→ EXERCISE
Reproduce exactly the lines from the one containing "För att inkludera" through the end of the listing, minus the pictures.

→ EXERCISE DATA
--- START ---
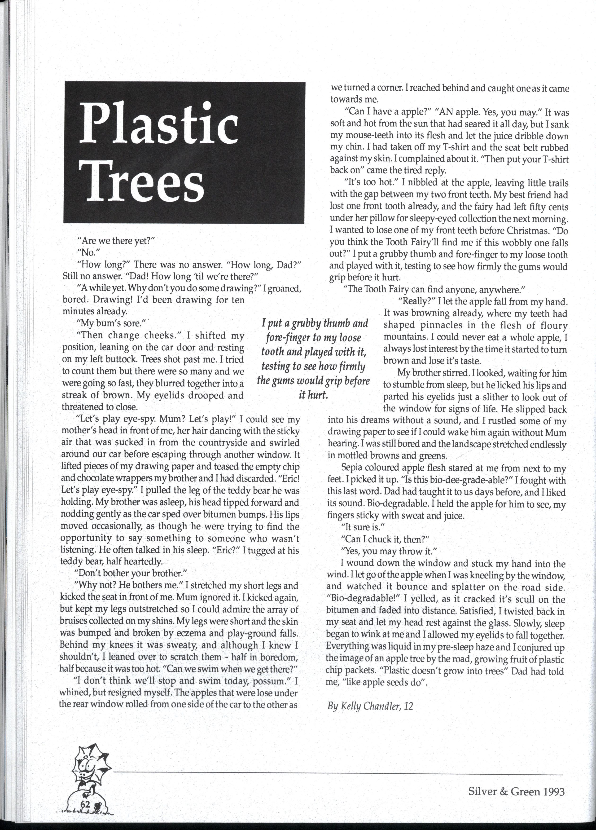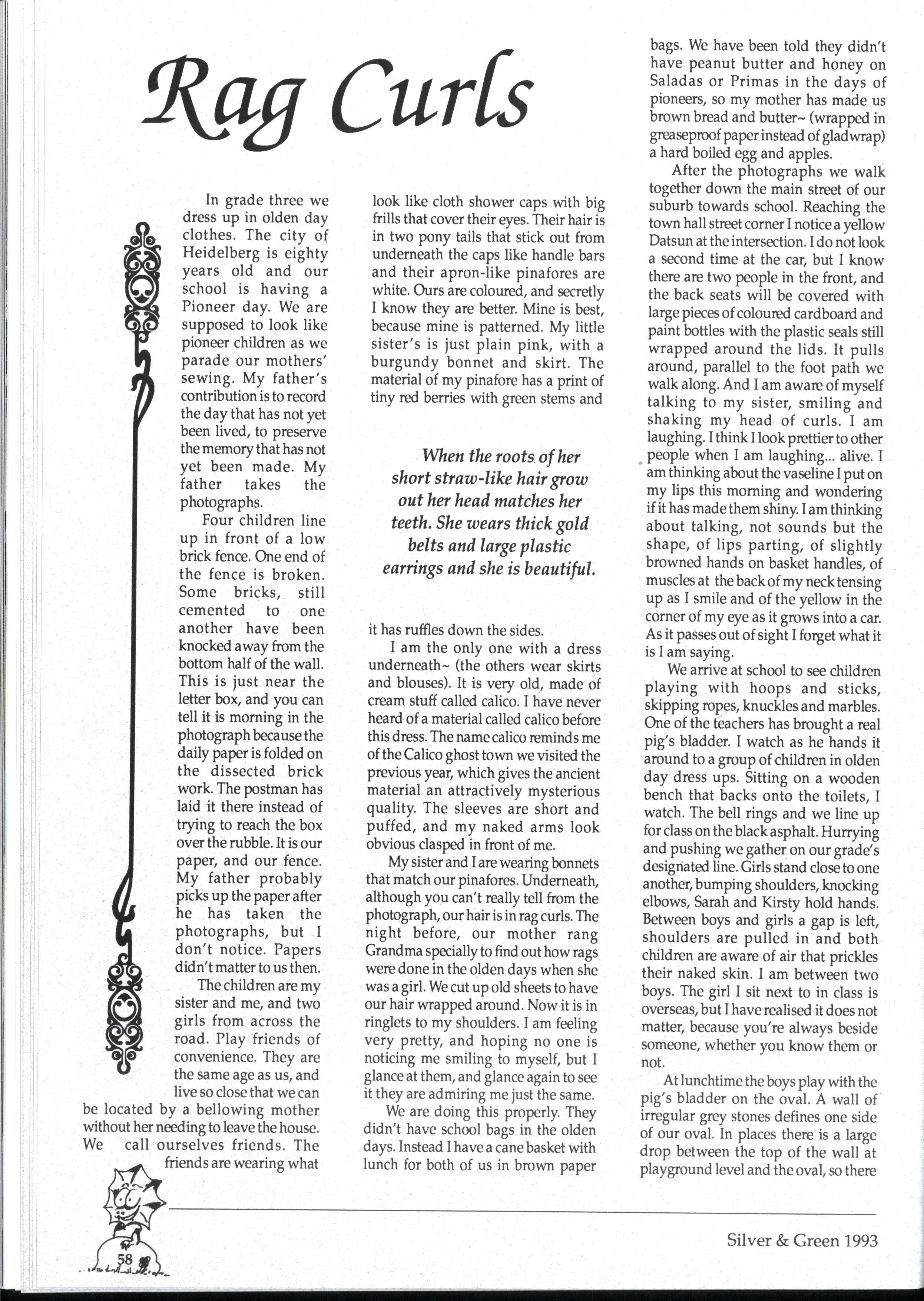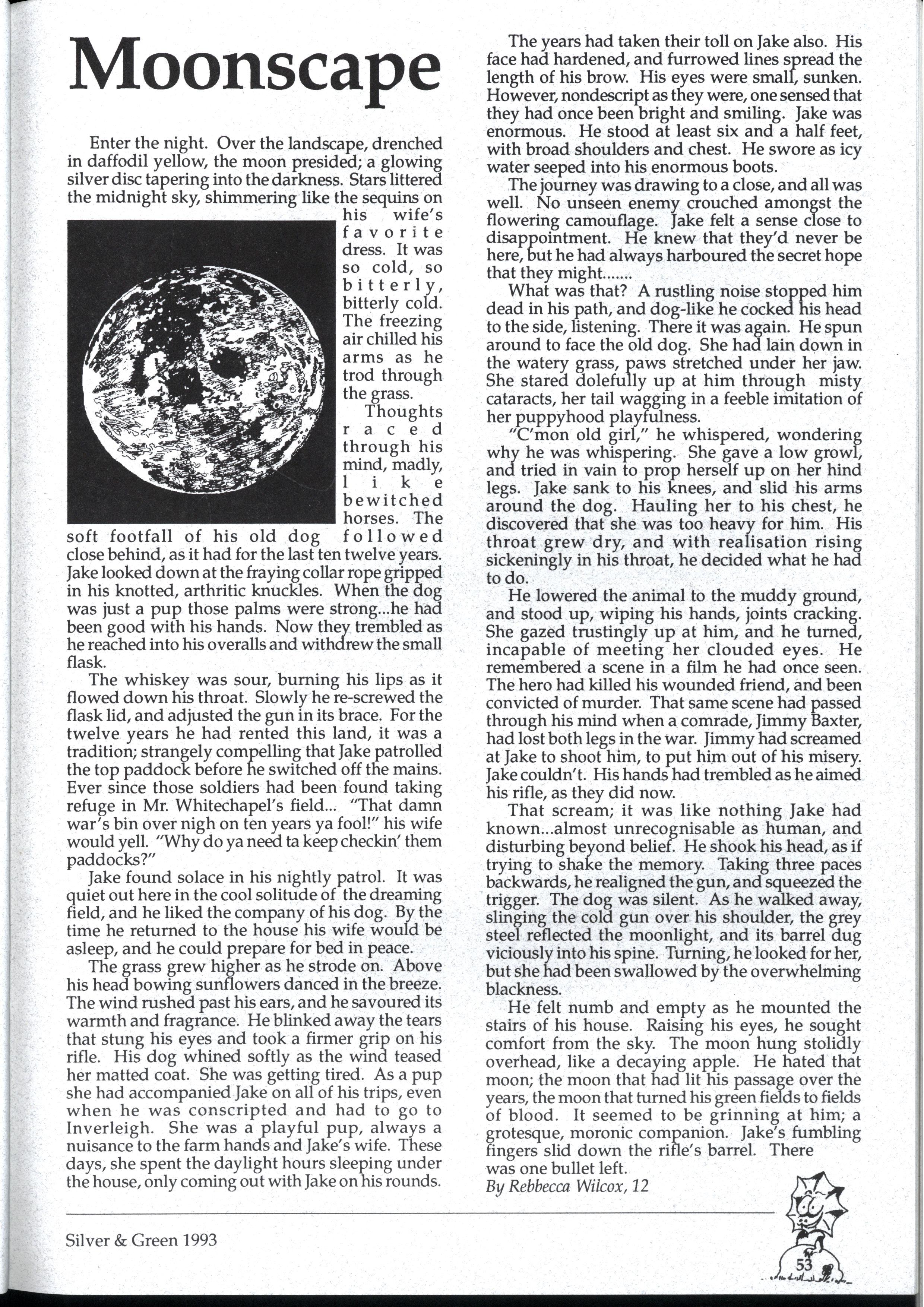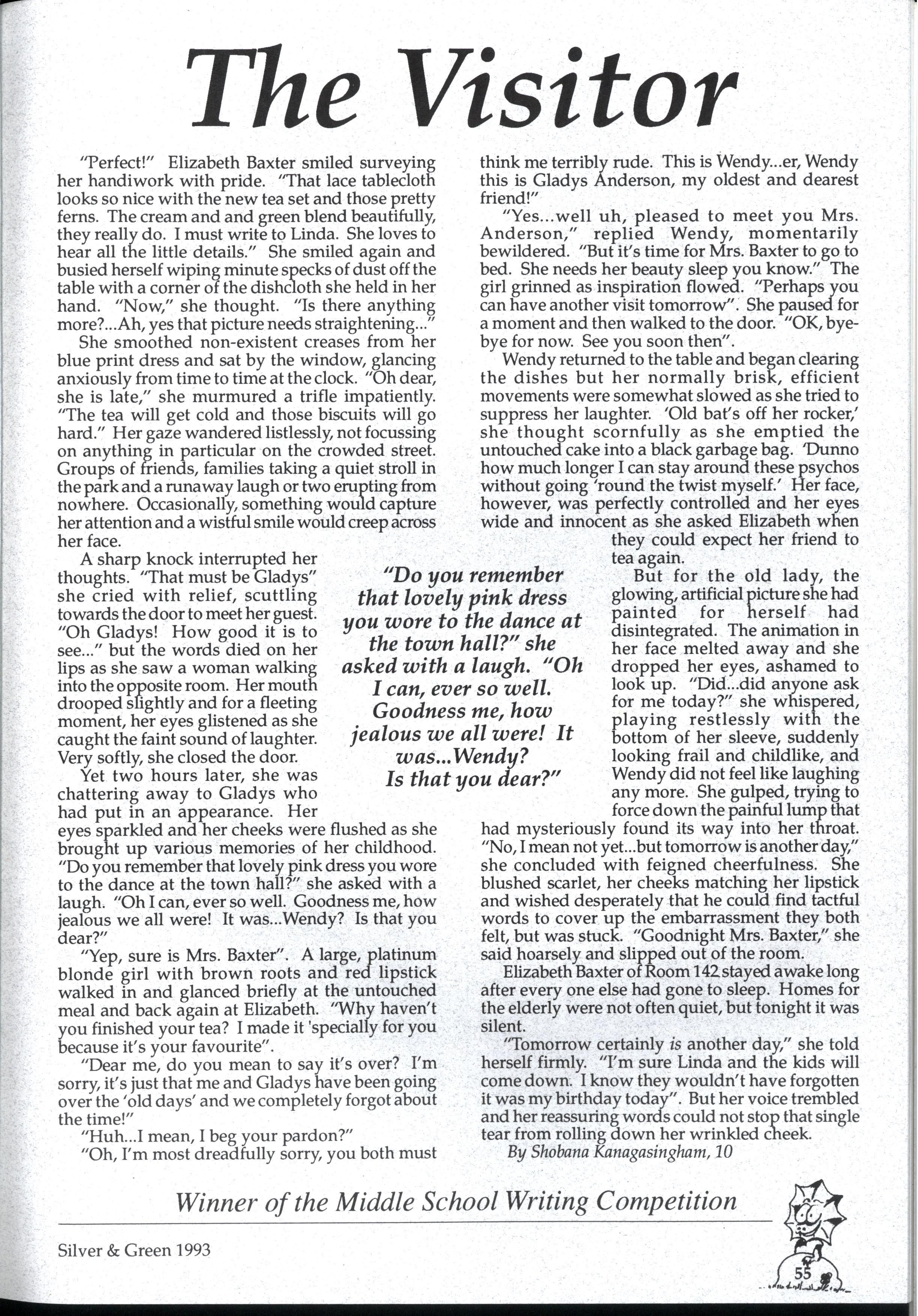 Emily and Rebbecca, two starry-eyed science students, were appointed as editors of the school magazine Little did they know the task ahead of them; the organisational skills required, the sleepless nights and the frustrations, yet every cloud has a silver lining (to rely on a cliche) and regardless of all the difficult times, they found the task thoroughly enjoyable and rewarding. Do you have any idea how disconcerting it is to stand up in assembly and try to convince a hall full of girls that what they most want to do is write for Silver and Green? The slightest mention of Silver and Green tends to switch students' brains into neutral But Emily and Rebbecca persevered.. * * *
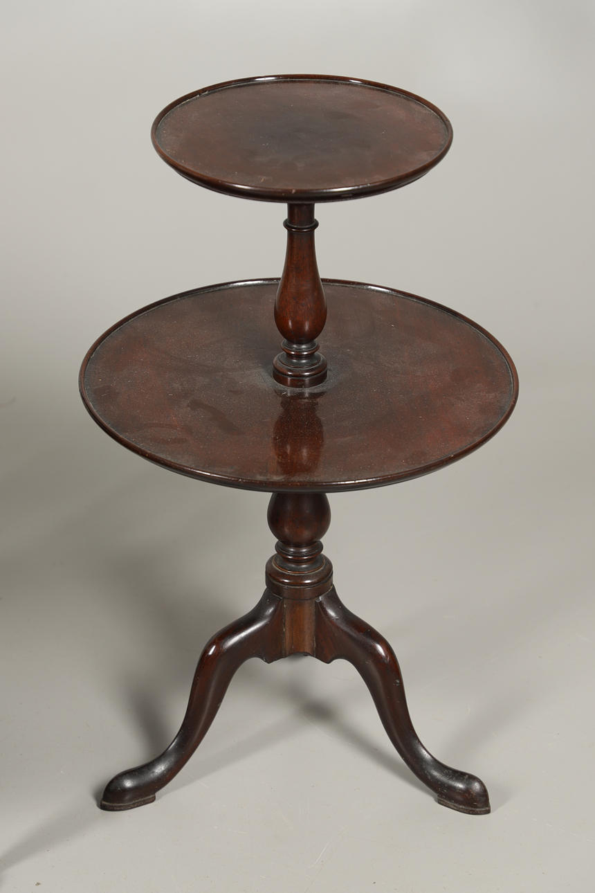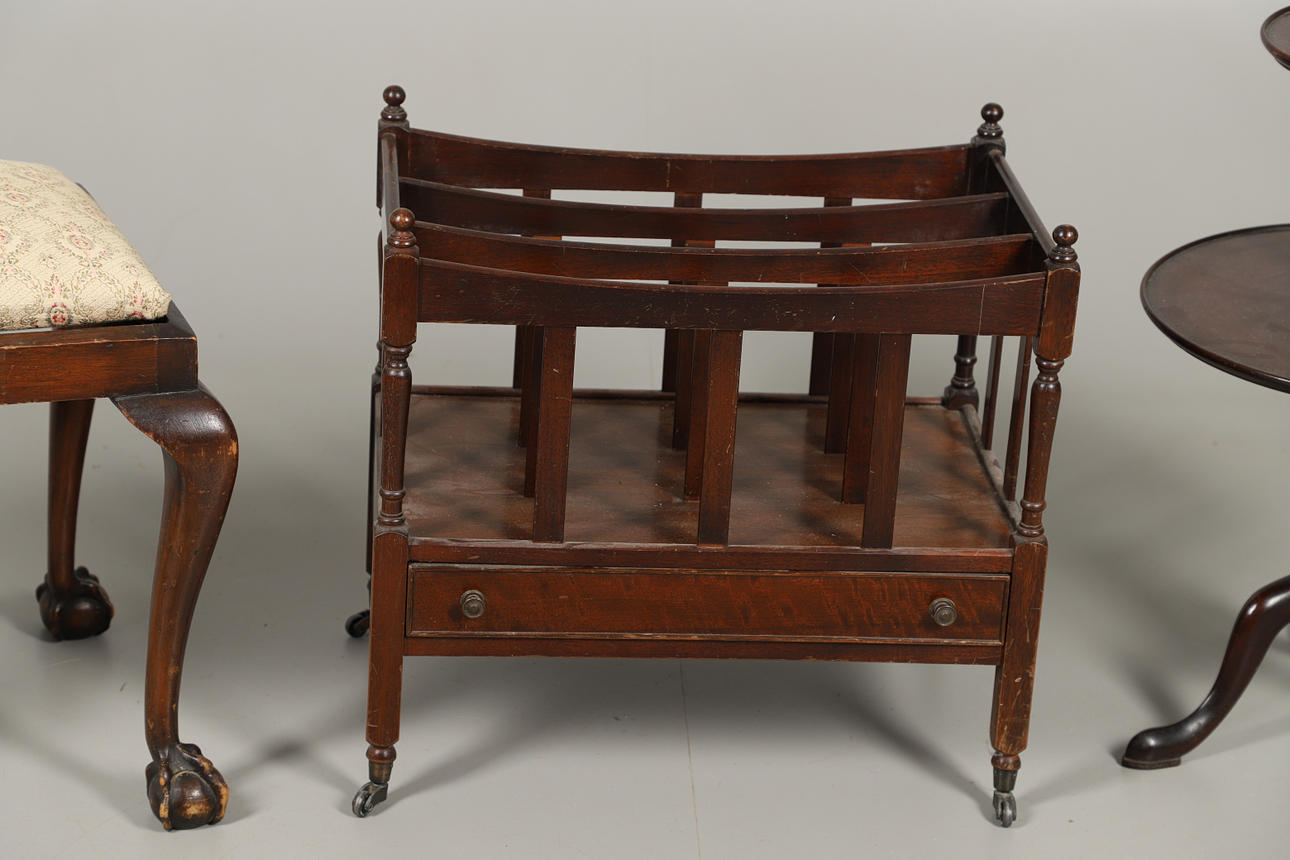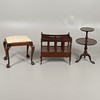 För att inkludera ett stativstativ i mahogny i två nivåer (höjd 64 cm x diameter 40 cm), en stoppad avtagbar sittpall på boll- och klofötter (höjd 48 cm) och ett trämagasinställ med vända stöd i varje hörn (höjd 53 cm x längd 56 cm x djup 35 cm) (3).
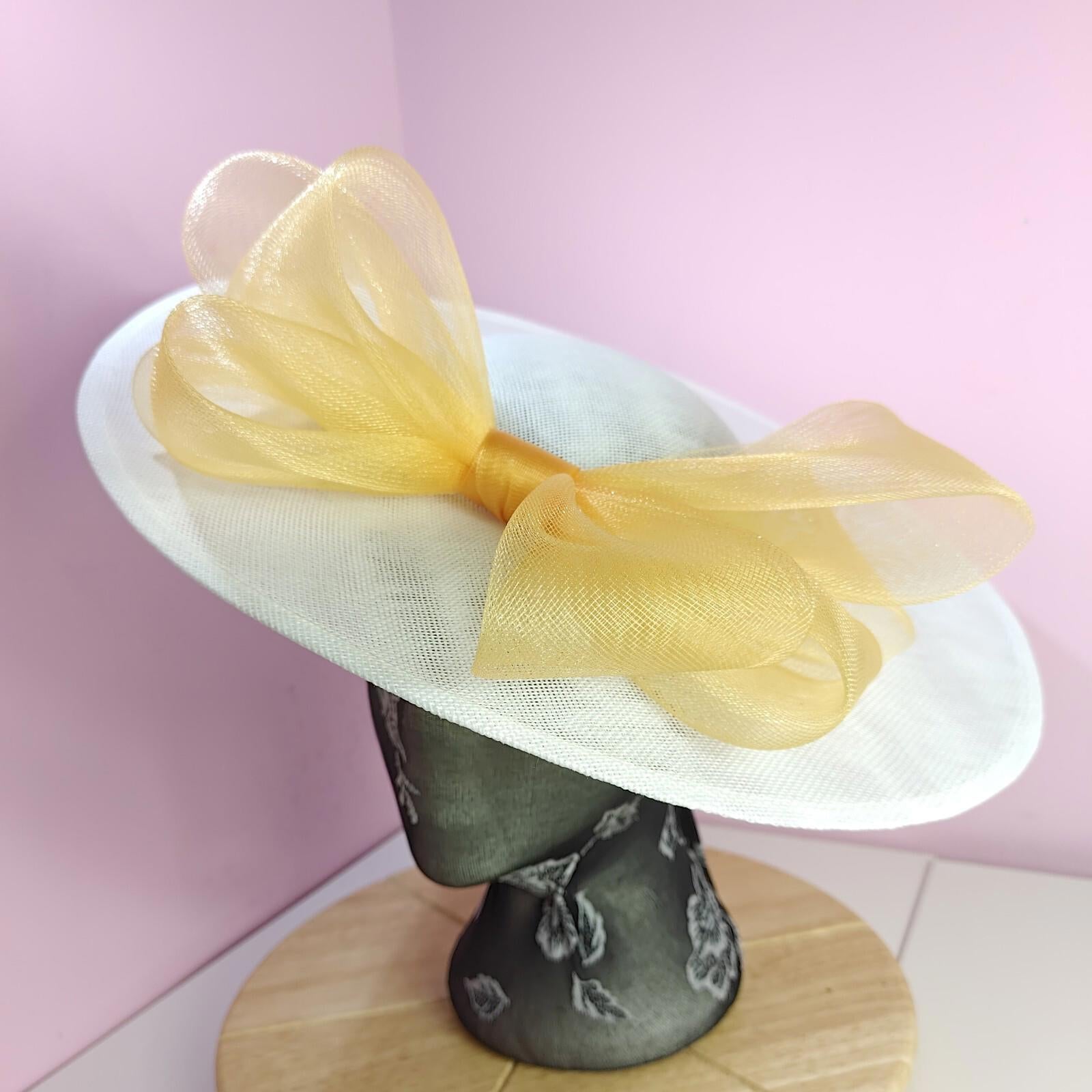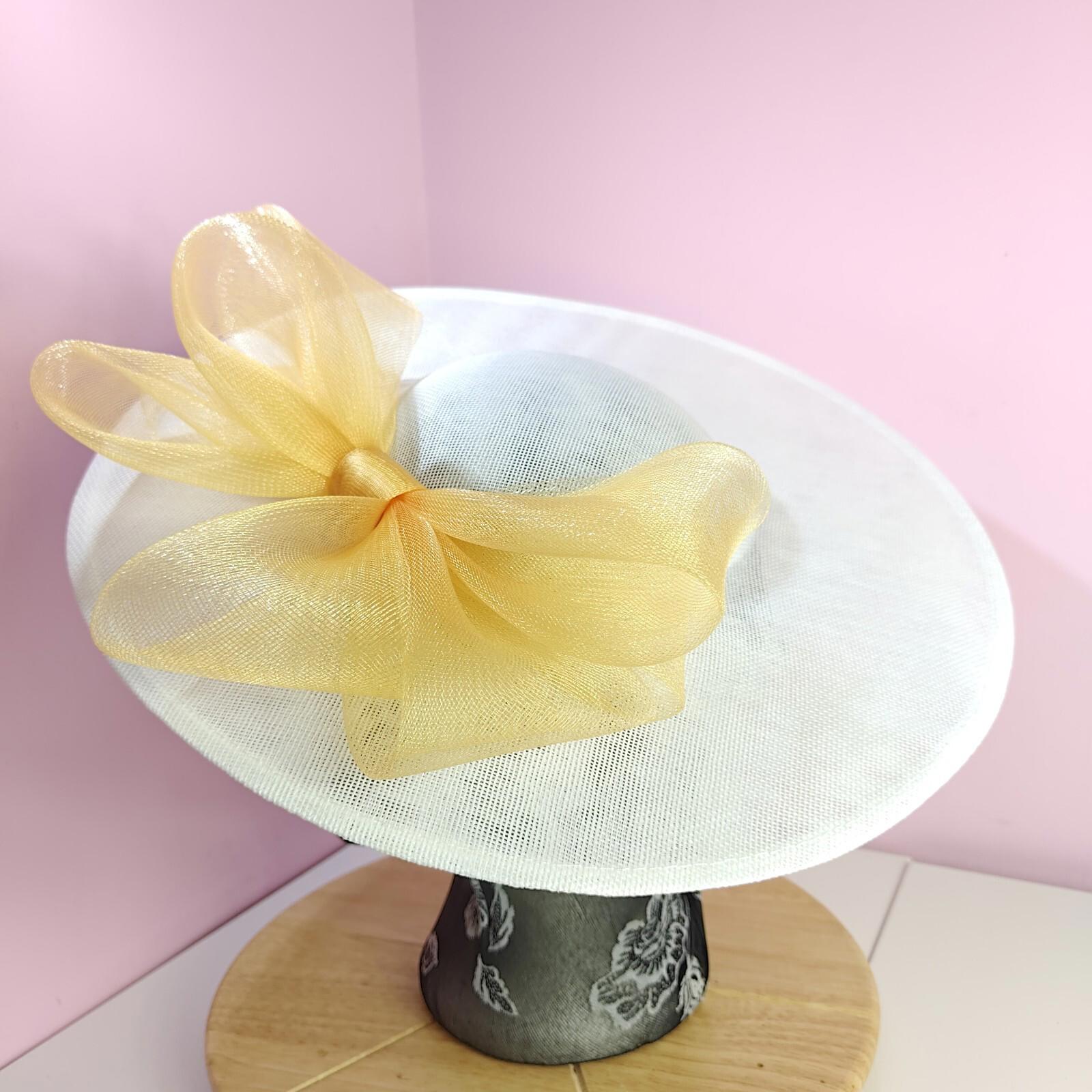 white gold large fascinator wedding hat Kentucky Derby Royal Ascot bow
--- END ---
→ YOUR RESPONSE
 För att inkludera ett stativstativ i mahogny i två nivåer (höjd 64 cm x diameter 40 cm), en stoppad avtagbar sittpall på boll- och klofötter (höjd 48 cm) och ett trämagasinställ med vända stöd i varje hörn (höjd 53 cm x längd 56 cm x djup 35 cm) (3).
 white gold large fascinator wedding hat Kentucky Derby Royal Ascot bow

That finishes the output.